Jezus stuurt de twaalf apostelen uit om mensen, die in de problemen zijn te helpen. De problemen van vandaag zijn wel anders. In plaats van de melaatsheid is er nu HIV en Aids. En in plaats van de demonen zijn er nu de psychische ziekten. Wat blijft is de noodzaak mensen bij te staan, er voor hen te zijn. Dat doen Monique en Titus.  Ze helpen een achtste groeper net wel naar een school voor VMBO/tl en Havo te gaan, vaak bemiddelen ze bij ruzies tussen kinderen, maar ook in gezinnen, ze waarschuwen kinderen, die opgestookt door andere kinderen dreigen diefjes te worden. Monique helpt een jongen, die maar moeilijk contact maakt met andere kinderen. Ze maakt een einde aan pesterijen. Ze weet een jongen met beginnend crimineel gedrag, die een speeltuinmedewerkster bedreigde weer op het rechte pad te krijgen en die jongen is heel opgelucht. Ze helpt een jongeman bij zijn beroepskeuze en ze troost een meisje, die met het vermoeden van kanker rondloopt. Ze helpt een meisje bij een werkstuk over ‘Vrouwen en Islam’. Eigenlijk vindt zij, dat ze alleen maar een hoofddoek moet gaan dragen als ze in haar hart voelt, dat het goed is. Monique vertelt: “We praten over de betekenis van ons geloof voor ons leven, voor ons doen en laten, als een leidraad en een basis. Hoe verdrietig het voelt als andere gelovigen je veroordelen, omdat je niet precies denkt en doet als zij. Dat je dingen niet doet om met je geloof te pronken, maar omdat je gelooft, dat dit het goede is dat je doen moet vanuit je geloof”.

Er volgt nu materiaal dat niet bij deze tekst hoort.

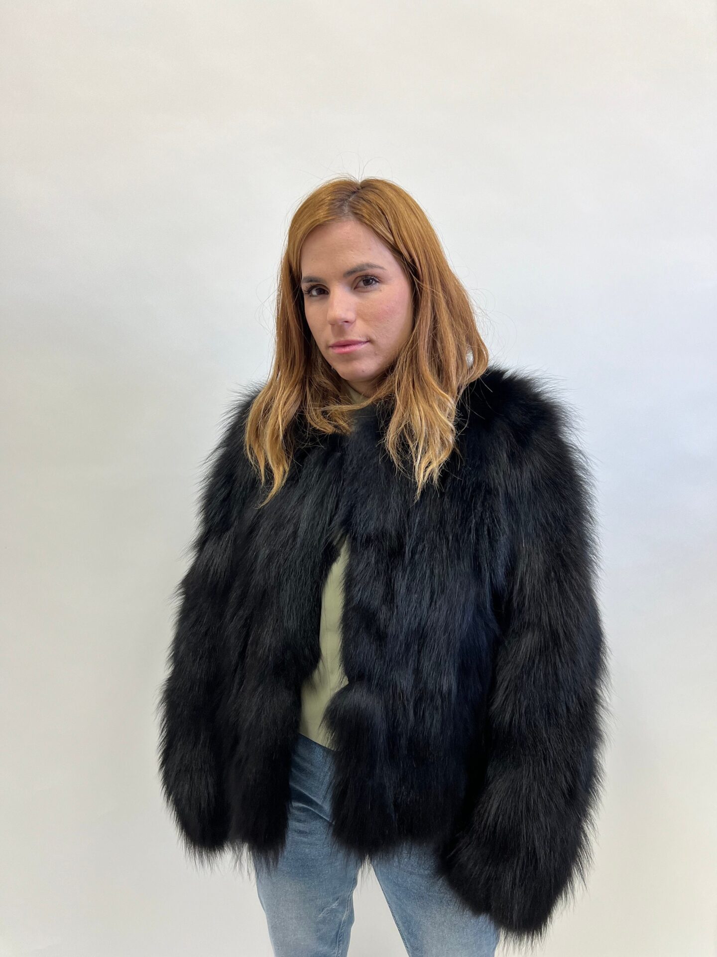 Real black fox fur everyday jacket. Winter fur jacket in genuine fur pelt, super warm and practical affordable luxury fur gift for women.
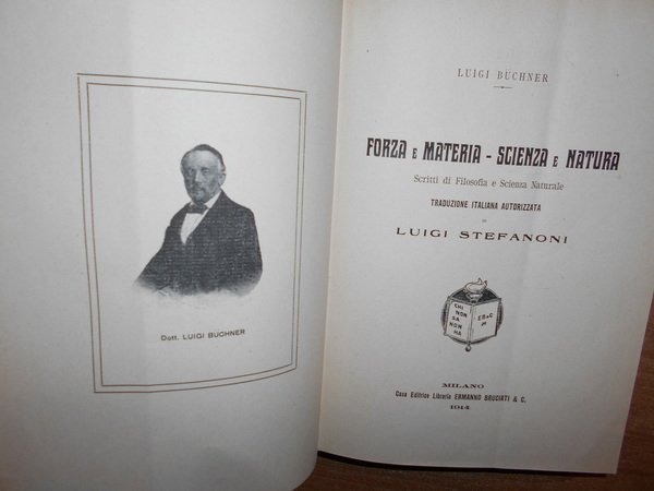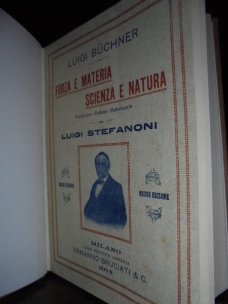 BUECHNER, Luigi. Milano, Ermanno Bruciati & C., 1914. Forza e materia - Scienza e natura. Scritti di filosofia e scienza naturale. In-8° grande, leg. nuova in tela bruna, copertine originali conservate. 525, (3) pp. Esemplare come nuovo. Uff. TV. mob. nostro

Als ik dit zo lees, dan moet ik onmiddellijk denken aan wat er de laatste tijd met het Buurtpastoraat is gebeurd. Het Buurtpastoraat wordt niet door het bisdom of het dekenaat betaald, maar uit andere bronnen. Maar de twee pastores vielen wel onder het inmiddels opgeheven dekenaat. Ook de twee buurtpastores werden ontslagen en kregen een gesprek met de bisschop. Hij vond hun werk heel belangrijk, maar eigenlijk meer maatschappelijk werk en monseigneur kon er dus geen kerkelijke zending aan verlenen. Ook bisschoppen kunnen de Boodschap van Jezus van Nazareth verkeerd begrijpen, zullen we maar denken. Nu proberen de leden van de bestuurscommissie het Buurtpastoraat elders onder te brengen, zodat deze dienst aan de naasten, de dienst aan de geringsten van mijn broeders kan worden voortgezet.

Daarom is het zo belangrijk de tweede collecte van Oudejaarsavond goed te gedenken, geeneens zo zeer vanwege de financiële opbrengst, maar vooral als en mentale oppepper voor Monique en Titus, twee mensen, waar wij allemaal vreselijk trots op kunnen zijn.